The returned object is a dictionary with train, validation, and test keys, each of which contains session-specific torch.utils.data.DataLoader instances.

Single-session helper

In rapid-prototyping scenarios, you may want a single dataloader for a single movie/response pair. Use get_movie_dataloader for that case:

import numpy as np
from openretina.data_io.base_dataloader import get_movie_dataloader

random_stimulus = np.random.rand(1, 300, 50, 50)  # channels, time, height, width
random_responses = np.random.rand(300, 42)        # time, neurons

single_dataloader = get_movie_dataloader(
    movie=random_stimulus,
    responses=random_responses,
    split="train",
    scene_length=300,
    chunk_size=50,
    batch_size=1,
)

For guidance on how these dataloaders plug into the training loop, refer back to the training overview.

HDF5-based Data Structure

If your lab's export format is still evolving, it can be simpler to adapt the preprocessing pipeline than to maintain custom Python loaders. openretina therefore ships with a reference HDF5 structure that works out-of-the-box with the utilities above.

Each session lives in its own .hdf5 file, while the corresponding stimuli are stored as NumPy arrays under a stimuli/ subdirectory.

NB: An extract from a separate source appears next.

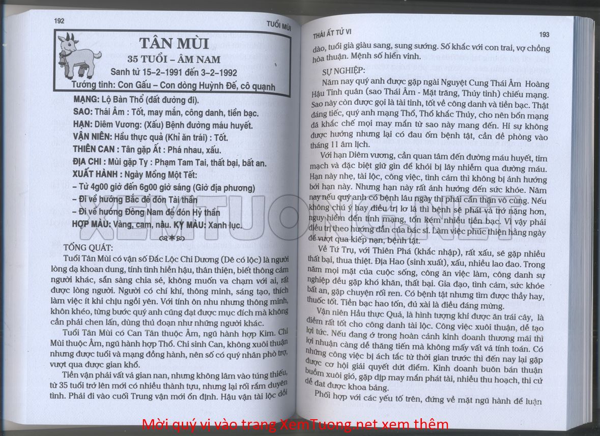 (Lưu ý: Thái Ất Tử Vi được chúng tôi scan từ sách, do đó mỗi tuổi sẽ có nhiều trang, quý vị xem xong hãy nhấn vào trang tiếp theo để xem hết phần tuổi muốn xem. Nếu quý vị xem bằng điện thoại thì hãy kéo qua lại để xem phần bị khuất.)
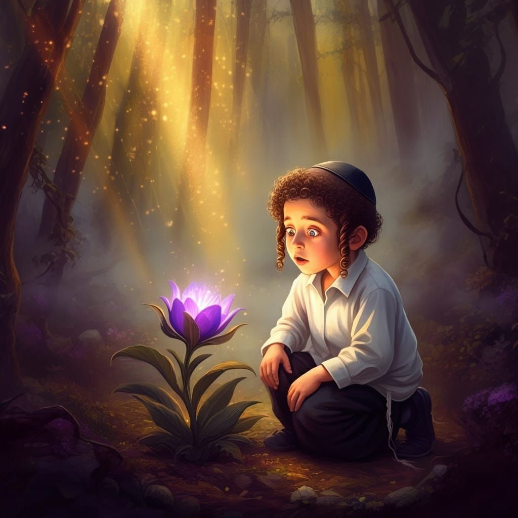 This image shows a young boy from a traditional Jewish community in a mystical forest, surrounded by magical light and nature. The artwork features soft brushstrokes and delicate textures, reminiscent of dreamlike, cinematic scenes.

You can generate synthetic data that matches the expected layout via the command-line interface (see the CLI reference):

# Print help
openretina create-data --help

# Create data in ./test_data
openretina create-data ./test_data --num-colors 3 --num-stimuli 4 --num-sessions 2

Running this command produces two .hdf5 files—one per session—in test_data/, plus stimulus files under test_data/stimuli/. Each HDF5 file contains a session_info attribute where you can store metadata such as cell types.

To keep stimuli and responses aligned, ensure they share the same sampling frequency and number of temporal bins. All stimuli should also have identical channel counts and spatial dimensions. Once exported, the data can be loaded with the helpers in openretina.data_io.h5_dataset_reader and used directly in existing configuration files (for example the hoefling_2024 setup described in data_io/hoefling_2024.md).

With these options, you should be ready to import new retinal datasets into openretina and move on to model training.